After Bitcoin Rallies 18%, Industry Insiders Weigh in on a Bull Run and Crypto’s Next Turn
Cryptocurrency investors can take a cautious sigh of relief after the crypto market valuation gained nearly $33 billion dollars in just three days, with Bitcoin rising 18% against the US dollar and topping $4,000. According to cryptocurrency trader and economist Alex Krüger, the run-up is a brief respite from the plunging price of Bitcoin and not the beginning of a new bull run – yet.
In a series of tweets, Krüger maps out why he believes the bounce is not what it appears to be.
“Crypto simply stopped falling. Nothing else has changed. No reason to expect a rabid bull run yet. May easily print new lows in the following weeks. A wide range is IMO the most likely scenario to ensue. Nothing to FOMO into.”
He expects a wide range from $5,500 – $2,500, and continued volatility in the coming weeks.

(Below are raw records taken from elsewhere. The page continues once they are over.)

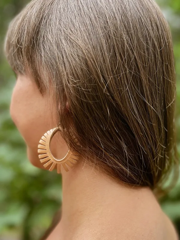 Kolczyki "Promienie", kolekcja "Łeba", kolor piaskowy, skóra naturalna Kolczyki "Promienie" to elegancki, niebanalny a zarazem subtelny dodatek biżuteryjny, który będzie doskonałym zwieńczeniem każdej stylizacji. Świetnie sprawdzą się zarówno do kreacji w stylu boho, etno i vitage jak również do strojów casualowych, klasycznych a nawet biznesowych. Sprawdź jak fantastycznie wyglądają jako pojedynczy, skórzany dodatek lub w zestawie z np. bransoletką NALA. *W przypadku odcienia piaskowego, który jest kolorem naturalnym bez dodatku pigmentu barwa produktu wraz z upływem czasu i działania czynników zewnętrznych (w szczególności promieni słonecznych) zmienia się - ciemniejąc. Jest to proces naturalny charakterystyczny dla skór garbowanych roślinne, najbardziej szlachetnych i trwałych. Zmiana odcienia skóry nie jest podstawą reklamacji, bowiem świadczy o jej najwyższej jakości. Kolor ten w procesie ciemnienia nabiera głębokiej barwy, której nie da się odtworzyć używając żadnego barwnika. Jesteśmy przekonane, że ten proces Was zachwyci i tak jak my pokochacie jasną skórę za jej wyjątkowe właściwości. Opis produktu: Wymiary: średnica zewntrzna : 5cm System mocowania: bigle metalowe Materiał: skóra naturalna garbowana roślinnie Grubość skóry: 1,8 mm Kolor : piaskowy Szew: brak Okucia: bigle, kóła łączeniowe, kolor stare złoto Pielęgnacja i czyszczenie: Wszelkie informacje znajdziesz w zakładce "pielęgnacja i czyszczenie" -> KLIK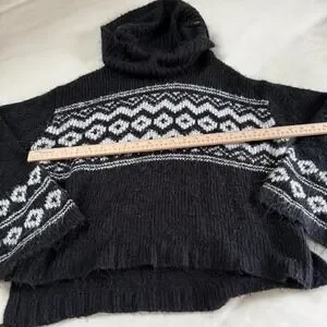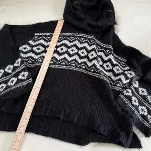 Boho sweater pink republic medium black knit fair isle sweater cozy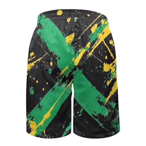 HOT ! Jamaica Swim Trunks for Men,Jamaica Shorts,Jamaican Flag Pants,Jamaican Outfits,Trunk Beach Shorts,Chic Jamaica Flag Print Black XX-Large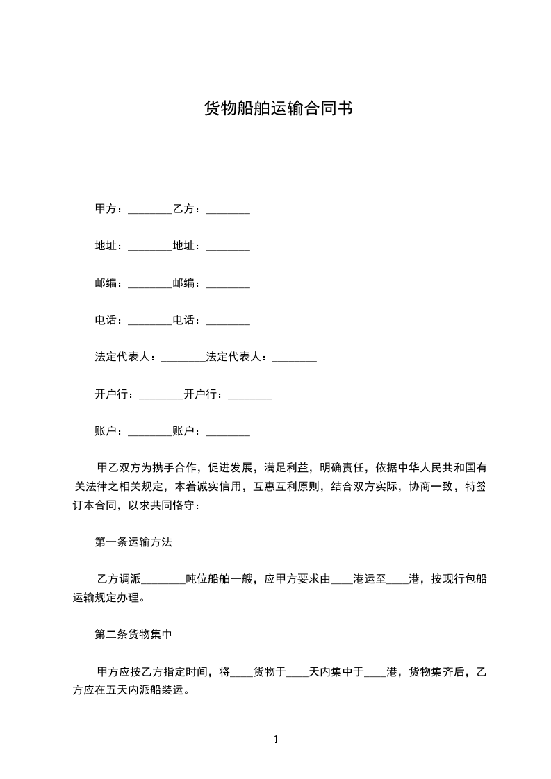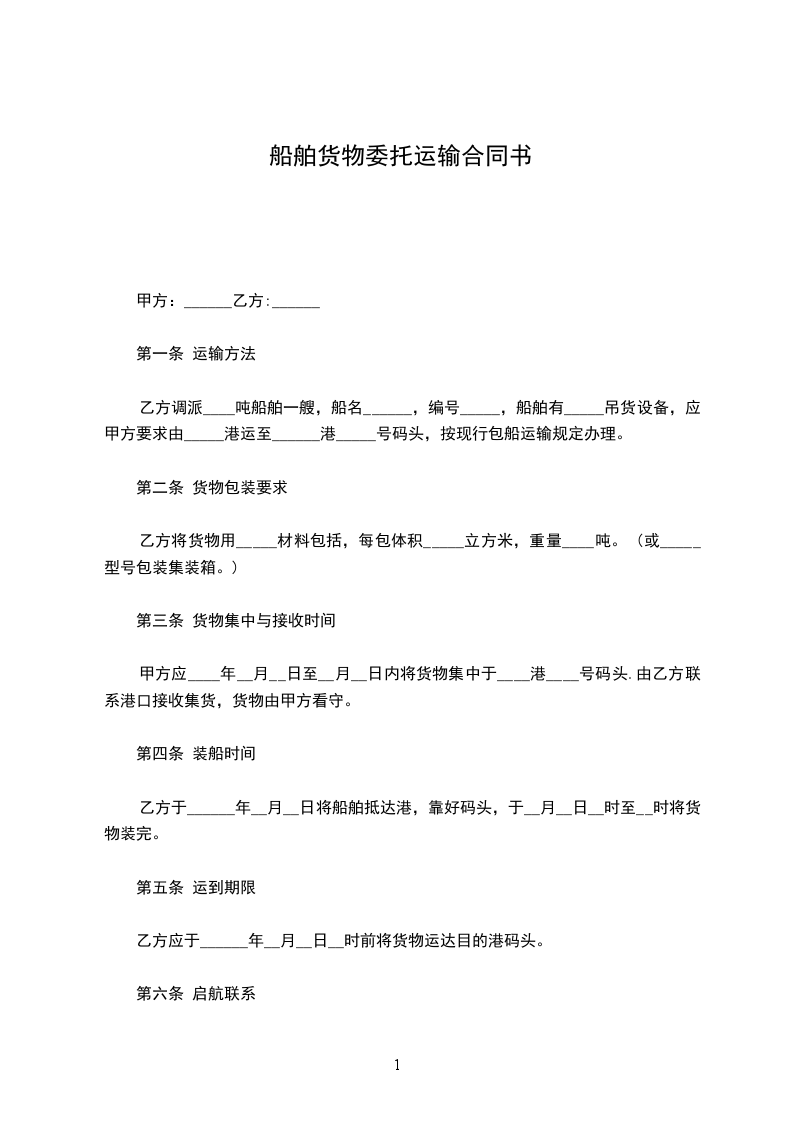 1.甲方未按时集中货物,造成乙方船舶不能按时装货、按时起航,每延误一小时应向乙方偿付违约金_________元。

“Crypto bullish talk is increasing. Some are deriding bears looking for lower prices. Most of these bulls lost a fortune, are deeply underwater, and are actually best ignored. Crypto simply stopped falling. Nothing else has changed. No reason to expect a rabid bull run yet. May easily print new lows in the following weeks. A wide range is IMO the most likely scenario to ensue. Nothing to FOMO into.”
Cameron Chell, chairman of ICOx Innovations, adds that the bull run speculation has finally died down and has given way to a more dedicated focus on real-world applications.
“The crypto speculation bubble that popped in 2018 was a blessing in disguise. It caused the craze to fade into the background, which will pave the way for real-world blockchain applications to come to the fore in 2019. Next year, blockchain technology will be leveraged to tackle some of the biggest pain points across industries. I predict a lot of movement in IP rights, corporate currencies, land titles, and virtual reality registration and economies.”
Just prior to the recent BTC bounce, analysts and global market strategist Nikolaos Panigirtzoglou from JPMorgan Chase issued a note to clients on December 14 suggesting their take on institutional enthusiasm for Bitcoin investment. As reported by Bloomberg, the analysts write, “Participation by financial institutions in bitcoin trading appears to be fading. Key flow metrics [in futures markets and in average volumes] have downshifted dramatically.”
With more muted expectations around Bitcoin’s price action, insiders believe that developers will drive the tech forward, instead of speculators.
Says Josh Fraser, co-founder of Origin Protocol,
“In 2019, we will start to see real results from the serious building that got started in 2018. You will see the term ‘the decentralized web’ or ‘Web3’ much more as projects innovate off-chain, while still preserving decentralization.
Developers will also start to focus heavily on user experience, as opposed to just launching – 2018 saw the release of many DApps, but low user numbers. We expect to see a renewed focus on adoption in 2019.”
Tamir Koch, president of eMusic, says,
“Despite the market downturn, 2018 was the year where mainstream adoption of crypto began to gain steam. I believe 2019 will be a major step forward, with a huge player coming out and embracing crypto, such as a payment company accepting crypto, pushing adoption by the public into the mainstream.”
That prediction gained more steam today with ongoing reports about Facebook and a new crypto product that appears to be in the works.
Meanwhile, Jake Yocom-Piatt, co-founder of Decred, says 2018 served to filter out the pretenders in the crypto world.
“In 2018, we saw the ICO model die, Ethereum flame out, DApps and tokens go to zero, and ERC20 projects generate insanely creative business models just to avoid regulation in a brazen grab for cash. Observing these failures reinforced our belief that the blockchain-driven future isn’t a quick fix. It will take decades, patience, and longevity to build and gain mass adoption.”